Poems

What's left in reimagining our Hamlets,
repurposing our Henrys and Macbeths?
Pose existential questions over omelets?
Recounting much ado's with bated breaths?
Shall we attempt a tragedy of errors?
Leer, merciless, while driving by a wreck?
Rely on ne'er-do-wells and oversharers
to get the word out, use the latest tech?
The classics, reimagined as you like it,
performed by a menagerie of clowns,
and if a word offends, well then, you strike it,
it's not as if they're wearing real crowns,
these thespians, too modern for the Bard.
To be or not to be. It's not that hard.


Author notes: image by GPT

Two sailboats, anchors raised, will drift apart.
Is that what love demands then, ties that bind?
Can it sustain a separated heart,
or must it seek, unreasoning and blind,

entanglement with its committed twin,
and absent such entanglement, collapse,
before it's had occasion to begin,
to feed then on the remnants and the scraps,

the embers of a tepid, dormant fire,
while others burn to cinders on a flame
consuming them from head to toe, entire,
and happily, with but themselves to blame.

They seek it, for what's life if not this burn?
Two sailboats start to drift apart. Return.

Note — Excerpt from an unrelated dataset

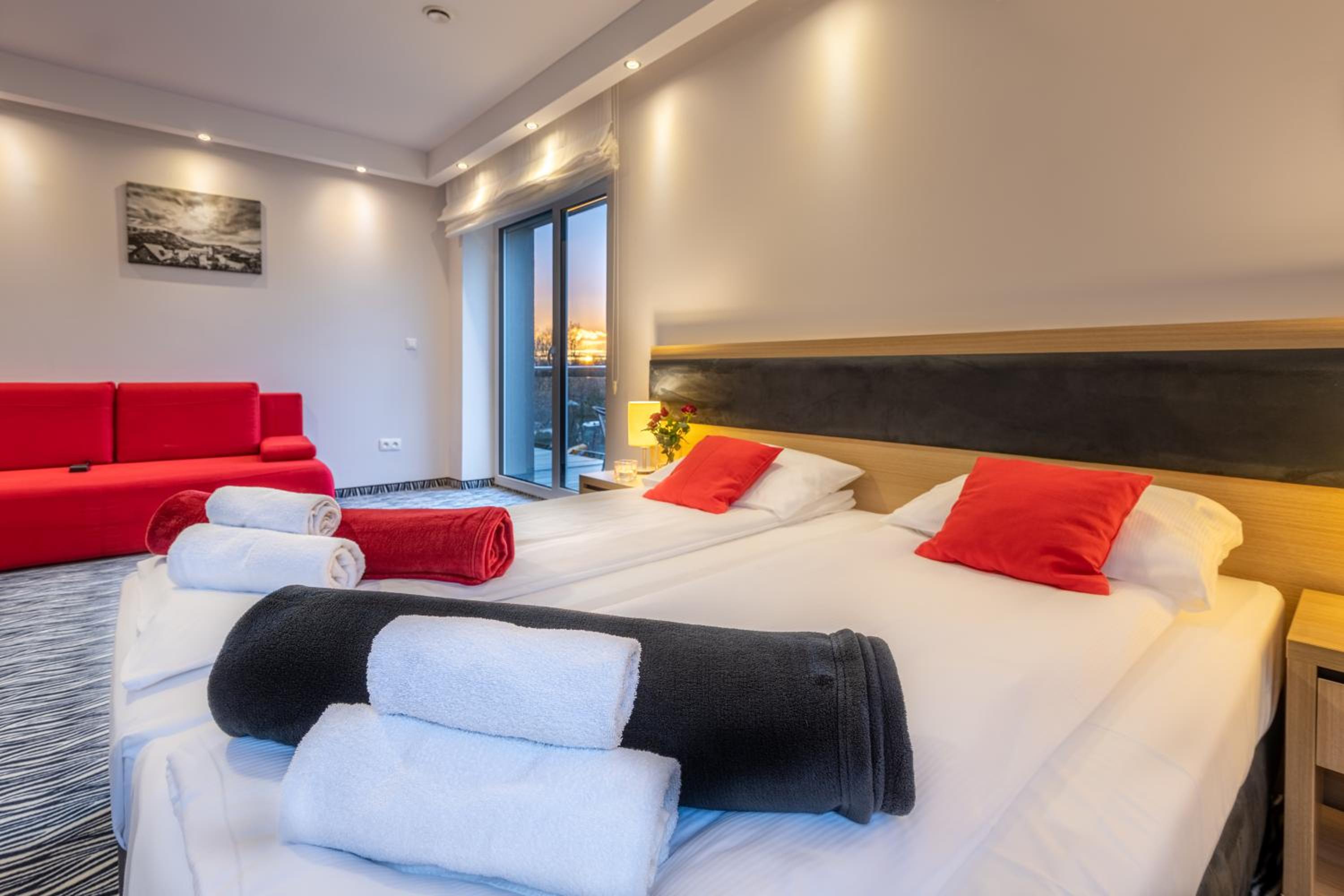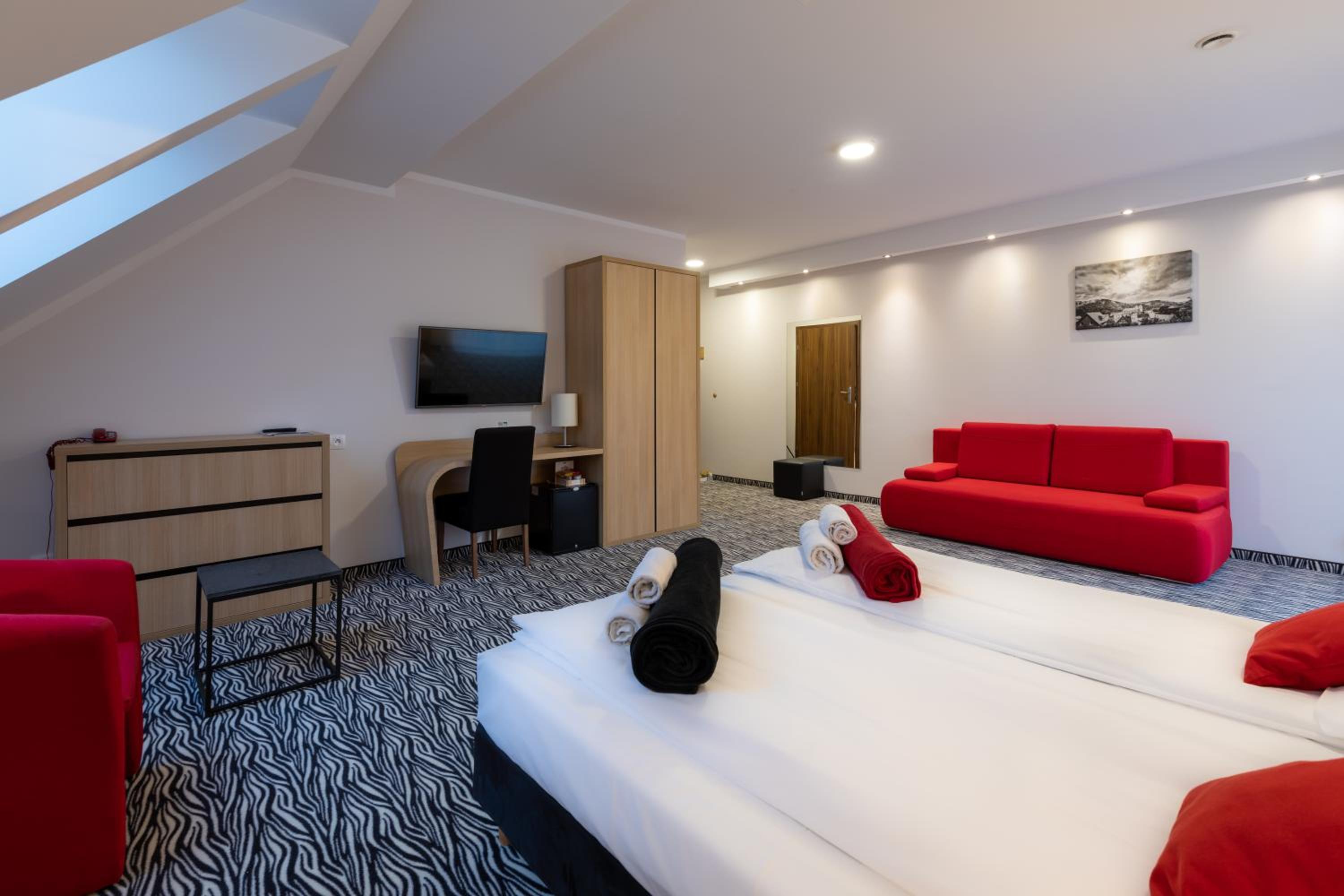 Chyba największym plusem hotelu jest jego personel. Zawsze chętny do pomocy, nic nie było problemem, również w późniejszych godzinach. Szczególne podziękowania dla pani Werki. Doskonałe rozeznanie z lokalnych atrakcji, z kilku podpowiedzi skorzystaliśmy. Śniadania urozmaicone, smaczne. Przychodziliśmy dość późno, zawsze było wszystko dostępne, estetycznie podane. Restauracja z dużym wyborem dań. Basen, strefa spa, możliwość realizacji dodatkowych zabiegów (skorzystaliśmy, polecam), uprzyjemniały pobyt mimo nie najlepszej pogody. W pokojach ciepło, mieliśmy widok na góry. Darmowy parking. Z pewnością przyjedziemy znów. Pewnie zabierzemy naszego psa.

Author notes: image from contest

Perfection, though just narrowly achieved,
Aunt Mabel ceases gazing at her navel.
Her face now nearly permanently peeved,
Ozempic face -- she's getting it off-label --
but losing those pernicious last few pounds,
the hips regaining youthful definition...
The pleasure she should take should know no bounds:
is there a crucial task, a higher mission,
then winning in this battle of the bulge?
And yet she cannot help it, something's wanting.
Gone too is her desire to indulge,
a shadow of a ghost that's barely haunting
this newmade version of her perfect self.
Next week's Ozempic safely on the shelf.


Author notes: image from MidJourney

When searching for the moral of a story,
which oftentimes is right below the surface,
but on occasion, plot and allegory
so driven by, it seems, a lower purpose,
work overtime to keep it out of sight,
and manage, to the reader's consternation,
to veil it. How can one determine right,
or give a rationale, an explanation,
while drowning in both nuance and finesse?
If good and bad are matters of perspective,
of understanding more, and judging less,
then likely it's to help you to discern
what otherwise you'll fail to see or learn.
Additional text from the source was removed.